Tuesday, February 8, 2011

Survival Food Garden Grows

The power and fury of the Yasi and the horrific Queensland Floods have enforced an awareness of our planet's vulnerability.

Shops were without foods as access to food supplies were cut off and now the cruel reality of many foods growers destroyed by flood or storm.

My own garden seems a safe haven from this new reality.

The Drumstick Tree is so pretty I haven't yet brought myself to eat more than a few leaves, but this will change now I have found a wonderful dhal recipe that includes its nutritious leaves.















Casava is another nutitious food I am learning to grow.

This plant is grown from a cutting and still small but growing fast in the hot summer weather.

Added rock dust to the soil last night and seem to have left some on the leaves.

Rock dust includes minerals which strengthen plants as provide the nutrients lacking in contemporary soils.

Have already noticed a lack of pests since started giving regular feeds of rock dust to the soil.















The beautiful guava and heirloom raspberry plant were gifts from my sister who stayed after Christmas. A big thank you.

It was too hot to plant till now but yesterday was cooler with gentle rain so decided to go ahead.

Today is hotter so lots of TLC for them both in the coming weeks.







The feijoa plant was in the local nursery when I returned from Christmas in New Zealand and decided to add it to my fruit trees.

They had a wonderful fig plant as well so it was one of those days and home came the fig tree.

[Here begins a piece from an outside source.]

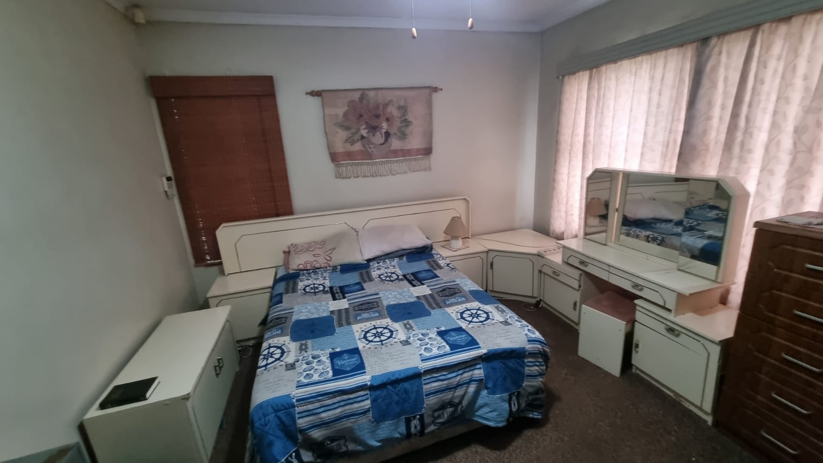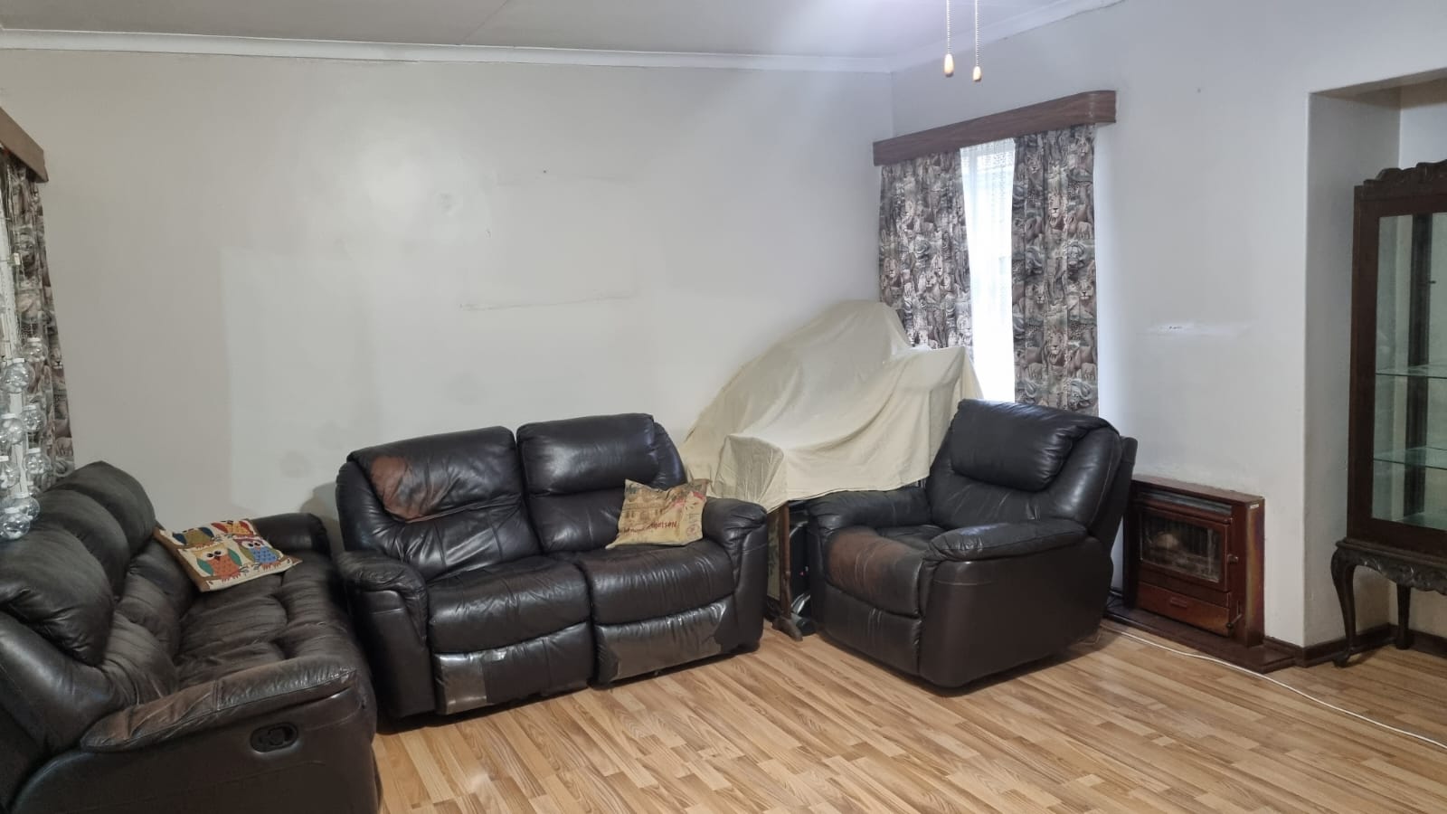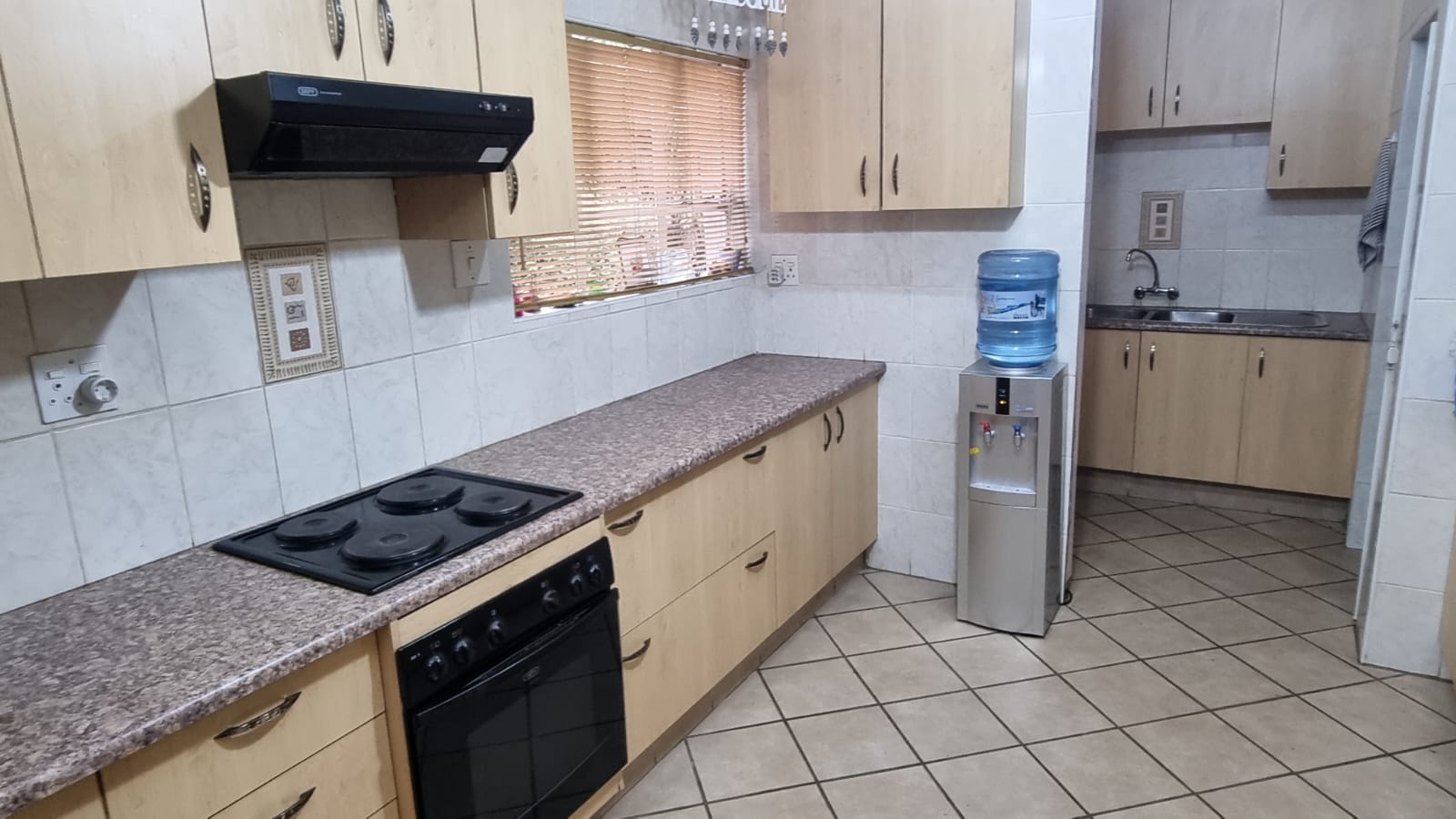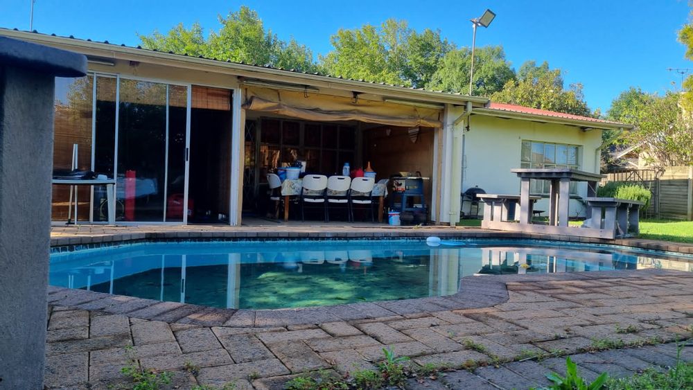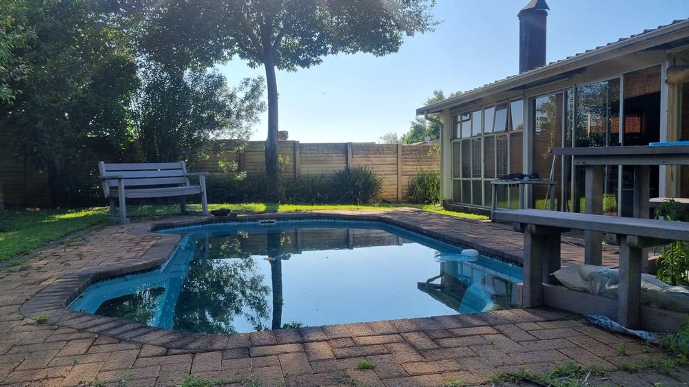 This upgraded and well-maintained family home features an inviting entrance hall, a spacious lounge, a dining room, and a family room/entertainment area complete with a built-in braai. It boasts three bedrooms, all equipped with built-in cupboards, a modern kitchen fitted with an under-counter oven and hob, a convenient scullery, and two bathrooms.

It is growing well and can't wait for those fresh figs. 
And last but not least my beautiful turmeric plant. It grew from the food scraps I dug into the soil but is now a large, dramatic plant that provides bountiful rich yellow turmeric.


10 comments:

Jedediah said...

All really gorgeous plants. Raspberries are among my favourite fruits, I wish I could grow them myself.

Darla said...

It would be hard for me to eat such beautiful plants!

Karen said...

Beautiful plants and nutritious, too. The best of both worlds! Thank you for showing me what these plants look like, I've never seen them before.

Carver said...

Your edible garden is so beautiful.

Paula said...

Very cool post - very inspirational - thanks for sharing these lovely pictures and your knowledge. Paula in Idaho (USA)

AllieMakes! said...

I am LONGING for green right now! We have 2 feet of snow STILL on the ground! it has been too cold to get ANY melting! I wish I was in your green yard, RIGHT NOW!
Thanks for linking up to Making It With Allie! I can't wait to see what you have for next week!
AllieMakes.Blogspot.com

Megan Hassen said...

What a beautiful post! There is so much that can be grown on a small plot of land. We should all get rid of our grass and plant food!

Musings by Robert said...

I enjoy watching your garden GROW.
Some plants and leaves are new to me, but others are known. Thanks for your interesting posts.

A Joyful Noise said...

I am happy that your garden spot was not harmed by the turmoil. Your trees, leaves, vegetables and fruit are interesting although some are new to me.

Tootsie said...

you have always got such beautiful photos to share! I am so glad you linked in this week to share your lovely plants! they all look soooooo healthy!